» EXERCISE AIM
Only the lines below from the one containing "Please note basket" through the one containing "这个选项位于 系统设置 - 显示" belong in the answer, repeated exactly and without pictures.
── THE INPUT ──
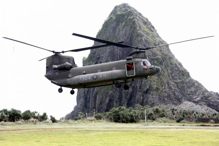 隨後在地面機工長的手勢引導下,一架架直昇機緩緩滑過停機坪,依序進入跑道,等待塔台航管通知待命起飛。
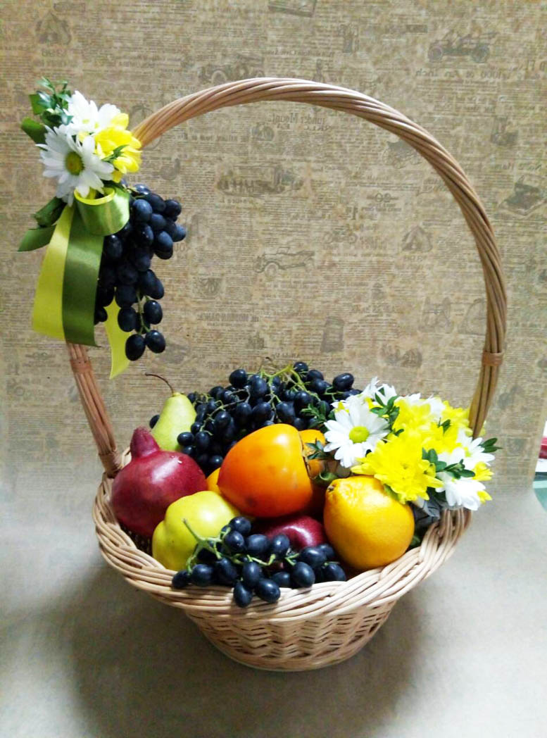 Please note basket content may differ from that you see at our picture. It depends upon season of year, city and availability fruits at the market. Especially it concerns small cities.
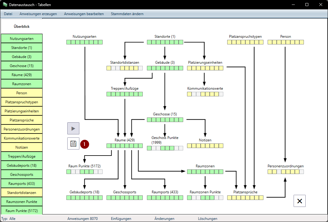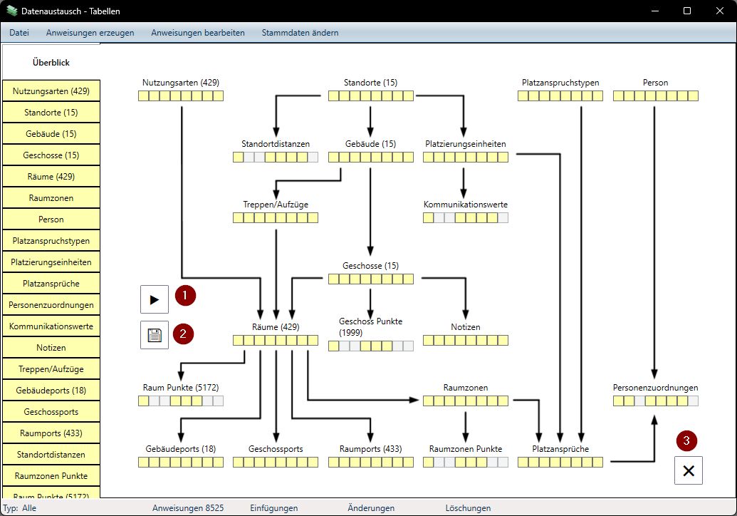 - Sollte die Daten nicht korrekt sein (Fehler in der Geometrie, Belegungszuordnung, …) können die Stammdaten geschlossen werden, ohne zu speichern. Damit werden die Stammdaten in den vorigen Zustand zurückgesetzt und der Import verworfen.
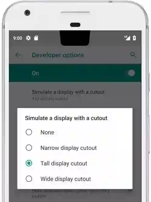 这个选项位于 系统设置 - 显示 中,在此前的 Android O 开发者预览版本中曾用于提供 Pixel 、反色等主题选项。而在 Android P DP1 ,除了 Pixel 以外,其他几个选项都是不同样式的切割( cutout )主题,开发者应该可以借助这一选项对所开发应用的异形屏兼容性进行调试。
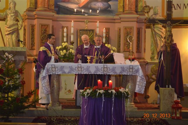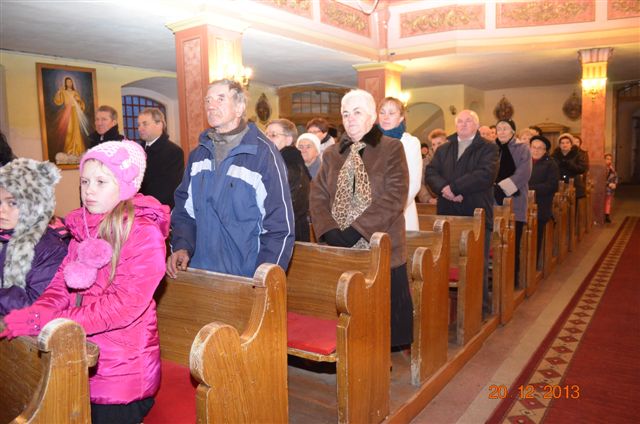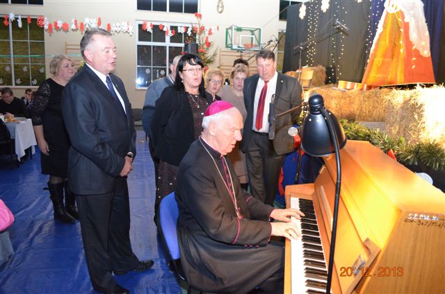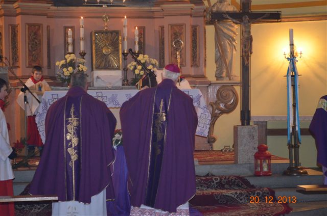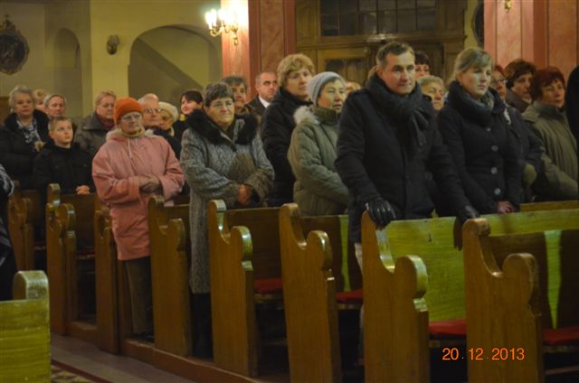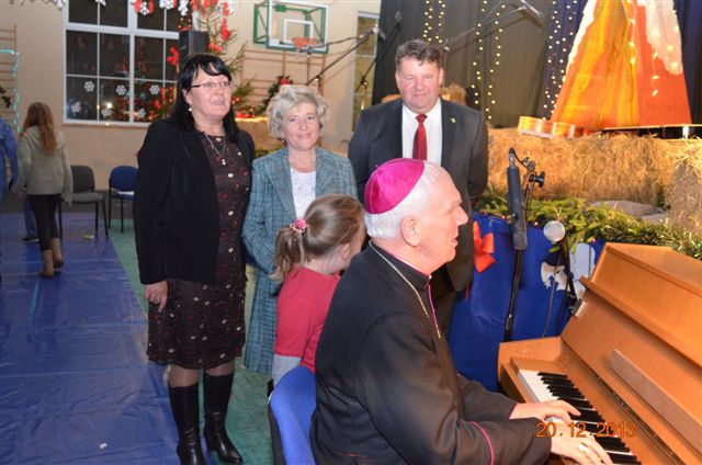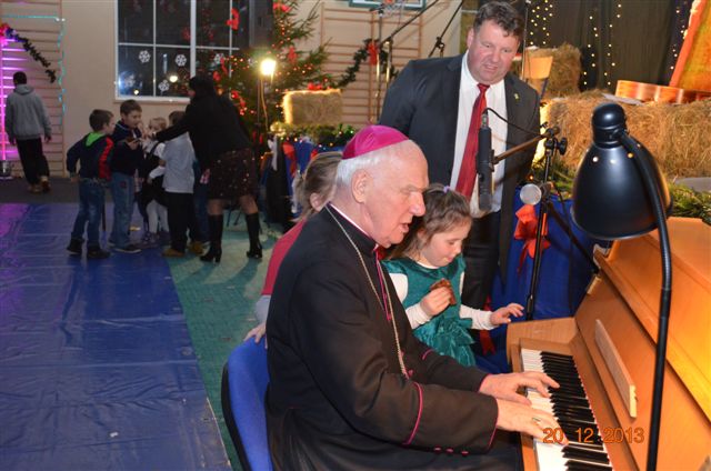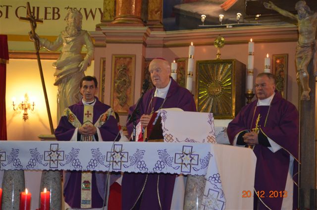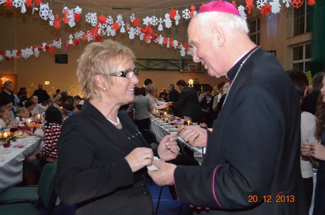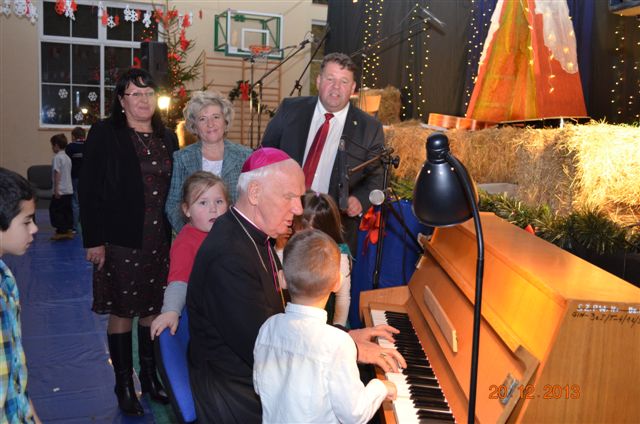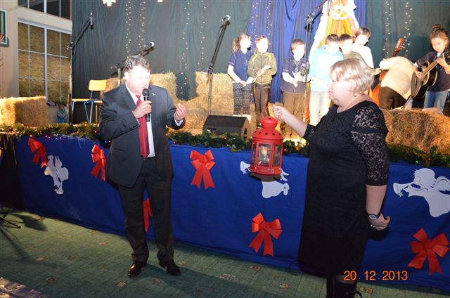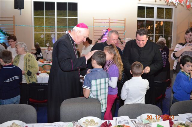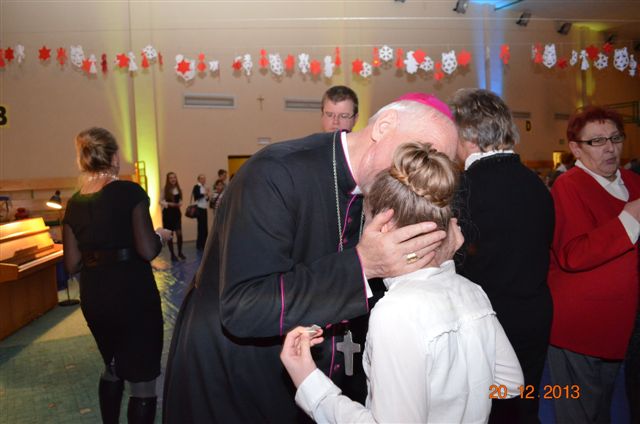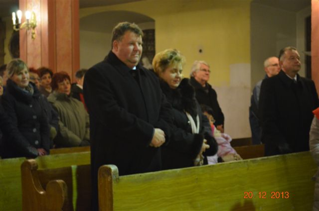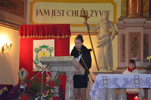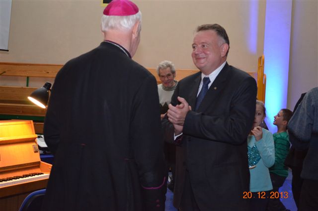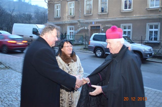 20 grudnia 2013 r. Mszą Świętą celebrowaną przez Jego Ekscelencję Księdza Biskupa Ignacego Deca wraz z księżmi z naszej gminy – ks. Stefanem Łobodzińskim, ks. Zygmuntem Mielczarkiem, ks. Jarosławem Zabłockim, rozpoczęło się Bożonarodzeniowe Spotkanie Opłatkowe w Gminie Walim. Przy ołtarzu asystowały szkolne oraz strażackie poczty sztandarowe. Na hali sportowej, przy pięknie zastawionych stołach, do wspólnej kolacji wigilijnej zasiedli mieszkańcy gminy wraz z zaproszonymi gośćmi – księdzem Biskupem Ignacym Decem, księżmi z parafii gminnych, Posłanką na Sejm Izabelą Katarzyną Mrzygłocką przedstawicielami Starostwa Powiatowego – Starostą Józefem Piksą oraz radnym powiatowym Krzysztofem Kwiatkowskim. Przy stołach zasiedli także radni Rady Gminy Walim, sołtysi naszych miejscowości, przyjaciele gminy, przedstawiciele Zjednoczonych Pasją oraz lokalni twórcy. Młodzież i dzieci z Zespołu Szkół w Walimiu przygotowały jasełka upamiętniające Narodzenie Pana, ale także przypominające, że Boże Narodzenie to czas zadumy i refleksji nad naszym życiem, ale przede wszystkim czas pokoju, zgody i miłości. Jego Ekscelencja Ksiądz Biskup Ignacy Dec złożył wszystkim najserdeczniejsze życzenia świąteczne, zaprosił do symbolicznego połamania się opłatkiem i wspólnej wieczerzy.Młodzież z Zespołu Placówek Resocjalizacyjnych w Walimiu przekazała, na ręce Wójta Gminy Walim Adama Hausmana, światełko betlejemskie. Było też wspólne kolędowanie. Ksiądz Biskup, zaintonował przy akompaniamencie pianina, nasze piękne polskie kolędy. Tradycyjnie, mieszkańcy obecni na Spotkaniu Opłatkowym, otrzymali stroiki świąteczne.
───
» FINISHED EXERCISE
 Please note basket content may differ from that you see at our picture. It depends upon season of year, city and availability fruits at the market. Especially it concerns small cities.
 - Sollte die Daten nicht korrekt sein (Fehler in der Geometrie, Belegungszuordnung, …) können die Stammdaten geschlossen werden, ohne zu speichern. Damit werden die Stammdaten in den vorigen Zustand zurückgesetzt und der Import verworfen.
 这个选项位于 系统设置 - 显示 中,在此前的 Android O 开发者预览版本中曾用于提供 Pixel 、反色等主题选项。而在 Android P DP1 ,除了 Pixel 以外,其他几个选项都是不同样式的切割( cutout )主题,开发者应该可以借助这一选项对所开发应用的异形屏兼容性进行调试。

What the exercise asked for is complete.